The Bill also tries to reignite the crypto wars by empowering Ofcom to require services to use “accredited technology” (read: software written by GCHQ contractors) to scan your WhatsApp messages. The idea that you can catch violent criminals such as child abusers and terrorists by bulk text scanning is entirely implausible; the error rates are so high that the police would swamped with false positives. Quite apart from that, bulk intercept has always been illegal in Britain, and would also contravene the European Convention on Human Rights, to which we are still a signatory despite Brexit. This power to mandate client-side scanning has to be scrapped, a move that quite a few MPs already support.

But what should we do instead about illegal images of minors, and about violent online political extremism? More local policing would be better; we explain why. This is informed by our work on the link between violent extremism and misogyny, as well as our analysis of a similar proposal in the EU. So it is welcome that the government is hiring more police officers. What’s needed now is a greater focus on family violence, which is the root cause of most child abuse, rather than using child abuse as an excuse to increase the central agencies’ surveillance powers and budgets.

In our Policy Brief, we also discuss content moderation, and suggest that it be guided by the principle of minimising cruelty. One of the other panelists, Graham Smith, discussed the legal difficulties of regulating speech and made a strong case that restrictions (such as copyright, libel, incitement and harassment) should be set out in primary legislation rather than farmed out to private firms, as at present, or to a regulator, as the Bill proposes. Given that most of the bad stuff is illegal already, why not make a start by enforcing the laws we already have, as they do in Germany? British policing efforts online range from the pathetic to the outrageous. It looks like Parliament will have some interesting decisions to take when the bill comes back.

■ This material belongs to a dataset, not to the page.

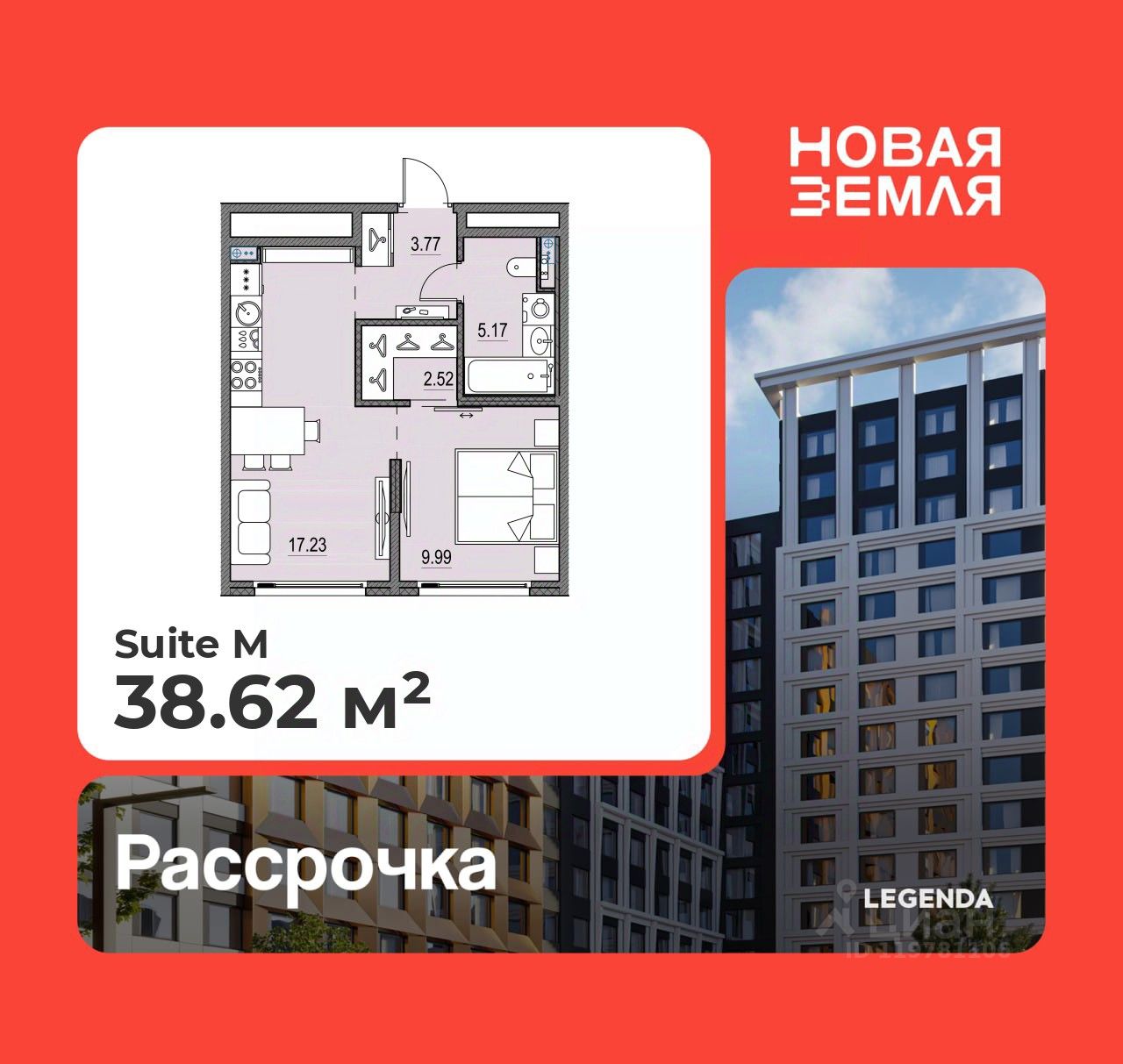 Однокомнатная квартира от застройщика с предчистовой отделкой в ЖК "Новая Земля" на 7 этаже. Общая площадь: 38.62 кв.м., жилая: 9.99 кв.м., площадь просторной кухни-столовой: 17.23 кв.м. Все окна выходят на одну сторону. В квартире один совмещенный санузел. Высота потолков 2.85 м.

Text mining is harder than you think

Following last year’s row about Apple’s proposal to scan all the photos on your iPhone camera roll, EU Commissioner Johansson proposed a child sex abuse regulation that would compel providers of end-to-end encrypted messaging services to scan all messages in the client, and not just for historical abuse images but for new abuse images and for text messages containing evidence of grooming.

Now that journalists are distracted by the imminent downfall of our great leader, the Home Office seems to think this is a good time to propose some amendments to the Online Safety Bill that will have a similar effect. And while the EU planned to win the argument against the pedophiles first and then expand the scope to terrorist radicalisation and recruitment too, Priti Patel goes for the terrorists from day one. There’s some press coverage in the Guardian and the BBC.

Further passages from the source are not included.